◆ **TASK DESCRIPTION**:
What is needed is a word-for-word copy of the lines below from the one with "Durango, Durango; 02" through the one with "人気のサメスカートパンツ、女", both included, with every picture left out.

◆ **SUPPLIED DATA**:
§ §

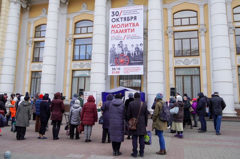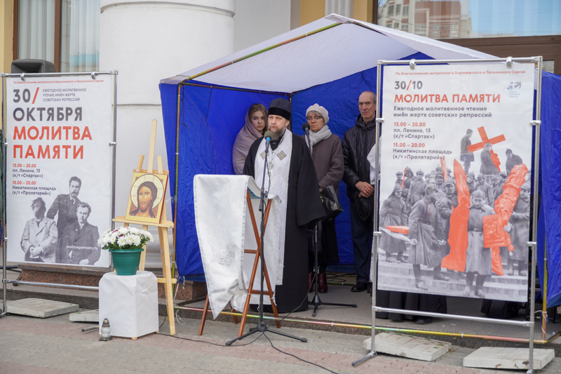 А еще в этот день, тоже по традиции, все желающие читали имена репрессированных. Возле кинотеатров «Спартак» и «Пролетарий» по благословению митрополита Воронежского и Лискинского Сергия прошла ежегодная «Молитва памяти». С 2010 года ее организует Преображенское братство.
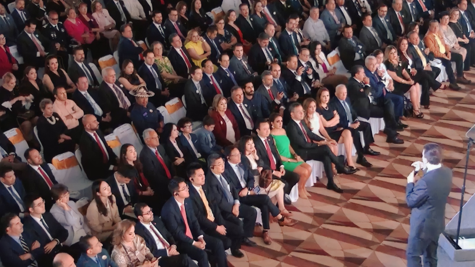 Durango, Durango; 02 de septiembre de 2023.- El gobernador de Sinaloa Rubén Rocha Moya asistió este sábado como invitado al Primer Informe de Actividades del mandatario estatal de Durango, Esteban Alejandro Villegas Villarreal, evento desarrollado en el Centro Cultural y de Convenciones Bicentenario en la capital del estado.
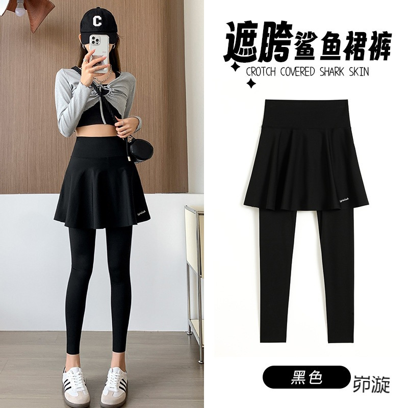 人気のサメスカートパンツ、女性用フェイクツーピースオープンクロッチパンツ、ハイウエストフィットネスパンツ、アウトドアデート、脱げないセクシーデリバリー新スタイル
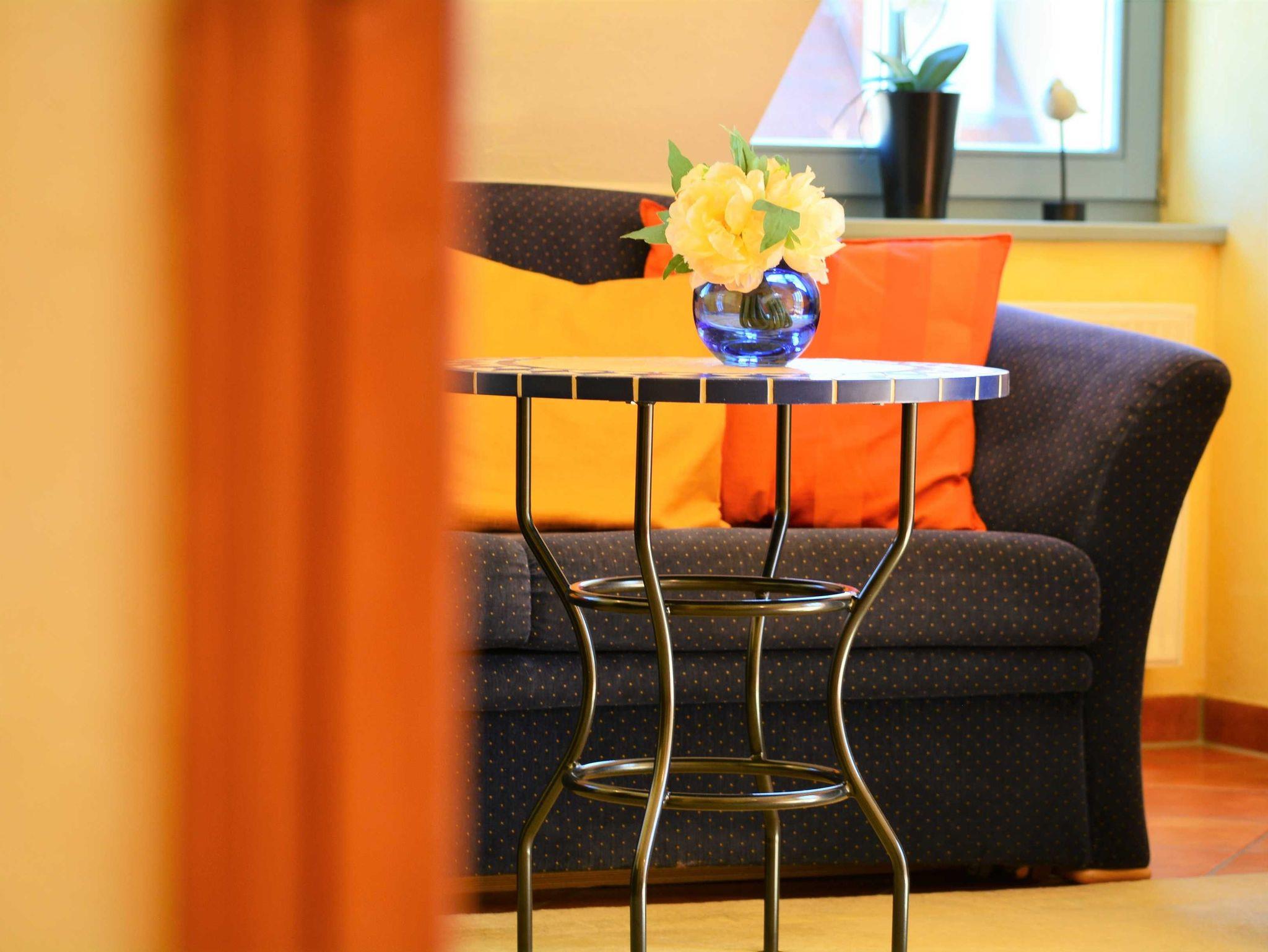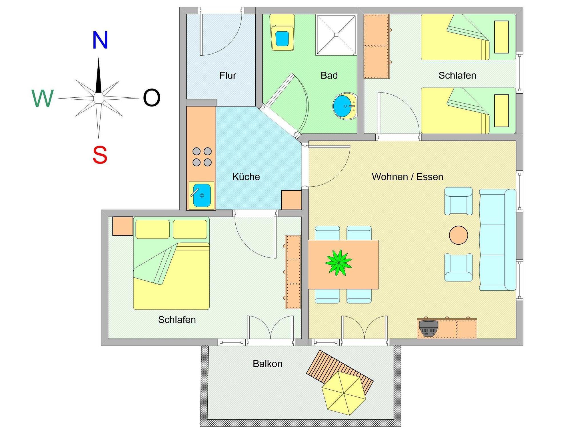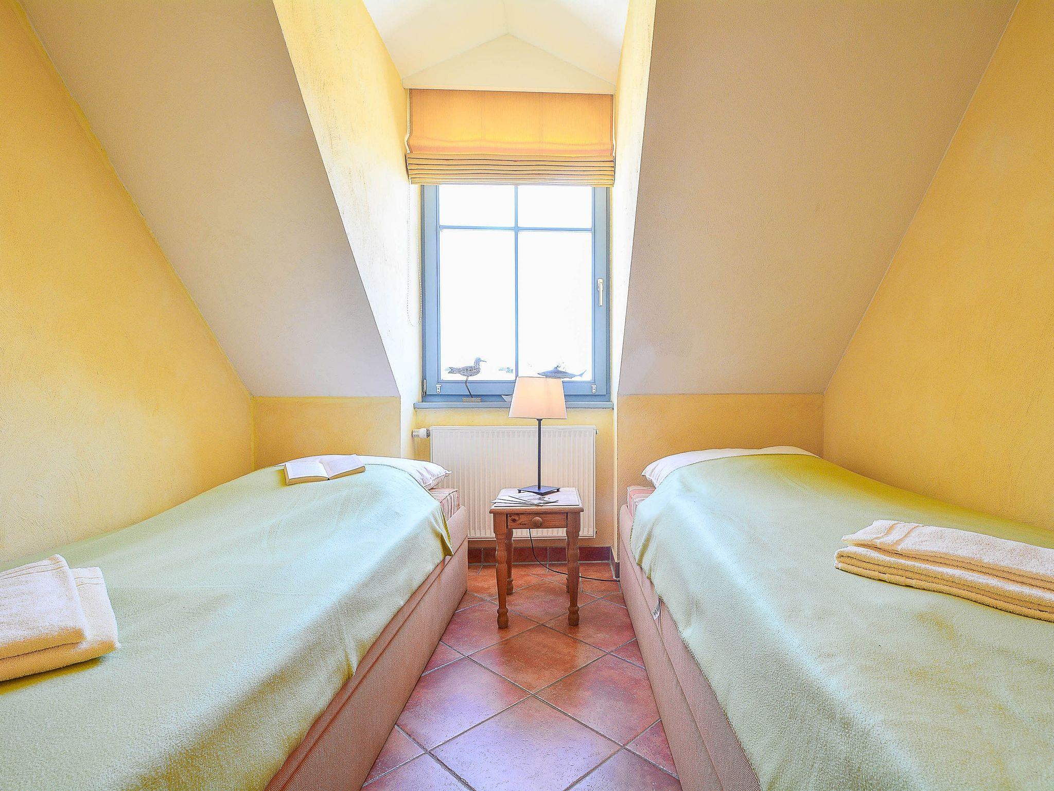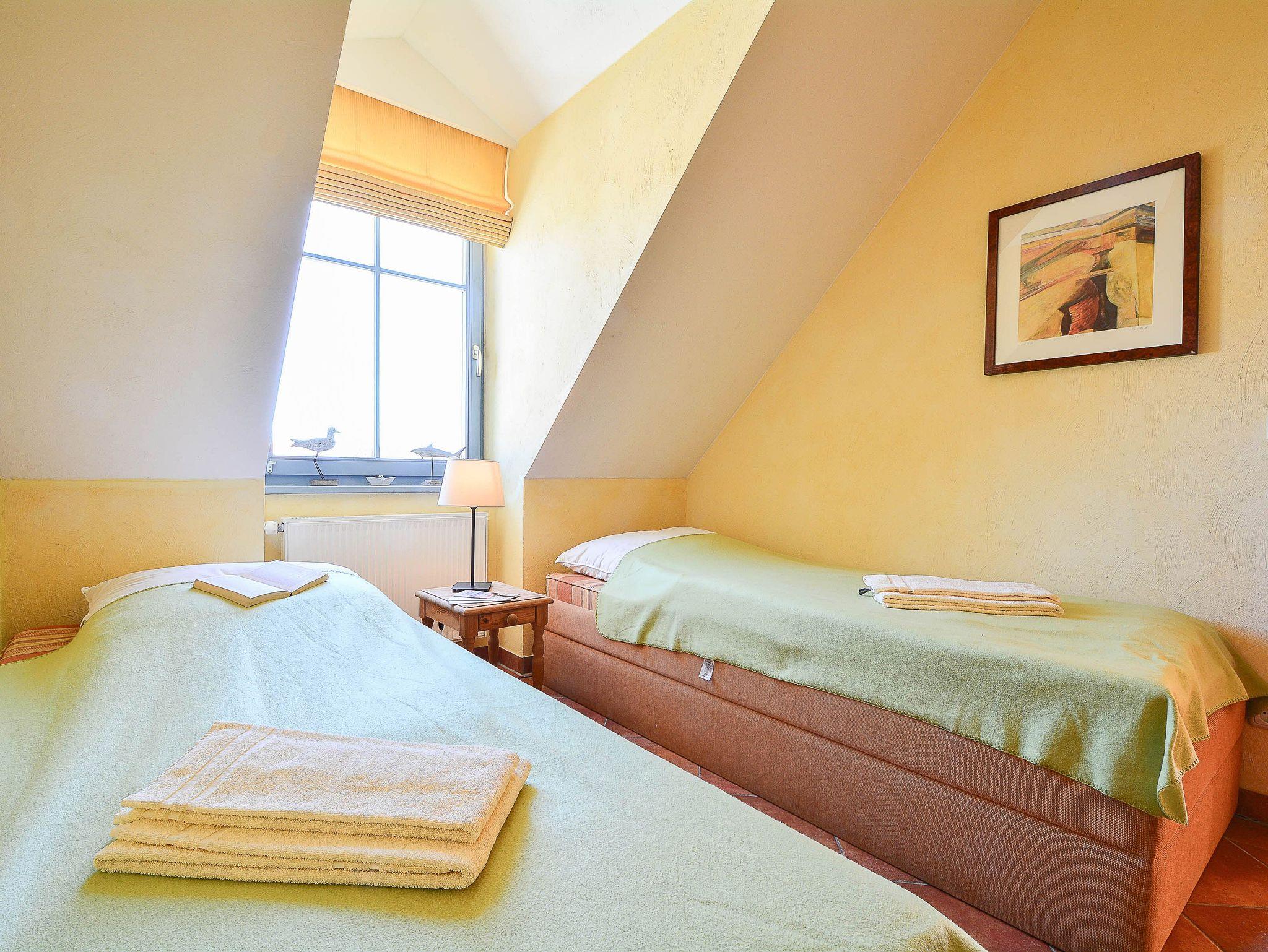 Herzlich Willkommen in der Residenz Laguna! Hier im Dachgeschoss befindet sich die Wohnung Nr. 17, welche im mediterranen Stil eingerichtet ist. Die 54 m² große 3-Raum-Ferienwohnung mit Südbalkon ist für 2 bis 4 Personen geeignet. Der großzügige Wohnraum ist ausgestattet mit Couch und zwei Sesseln, einem Essplatz mit Stühlen, TV, Stereoanlage und DVD-Player. Die Küchenzeile mit Kühlschrank, Geschirrspüler, Backofen u. Herd, Mikrowelle, Kaffeemaschine, Toaster, Wasserkocher etc. befindet sich außerhalb des Wohnraumes in der vorgelagerten Diele. Die gefangenen Räume wie Küche und Bad haben elektrisch zu öffnende Lichtkuppeln. Infolgedessen ist die Wohnung lichtdurchflutet und gut gelüftet. Hierzu tragen auch die hohen Decken (3,25 m) bei. Hier meint man dass die Sonne scheint, selbst wenn es draußen regnet. Ein Schlafraum mit Doppelbett, ein Schlafraum mit 2 Einzelbetten sowie das Fußboden beheizte Bad mit Dusche, WC und Handtuch-Heizkörper vervollständigen das Gesamtbild dieser Wohnung.

§ §

◆ **ANSWER**:
 Durango, Durango; 02 de septiembre de 2023.- El gobernador de Sinaloa Rubén Rocha Moya asistió este sábado como invitado al Primer Informe de Actividades del mandatario estatal de Durango, Esteban Alejandro Villegas Villarreal, evento desarrollado en el Centro Cultural y de Convenciones Bicentenario en la capital del estado.
 人気のサメスカートパンツ、女性用フェイクツーピースオープンクロッチパンツ、ハイウエストフィットネスパンツ、アウトドアデート、脱げないセクシーデリバリー新スタイル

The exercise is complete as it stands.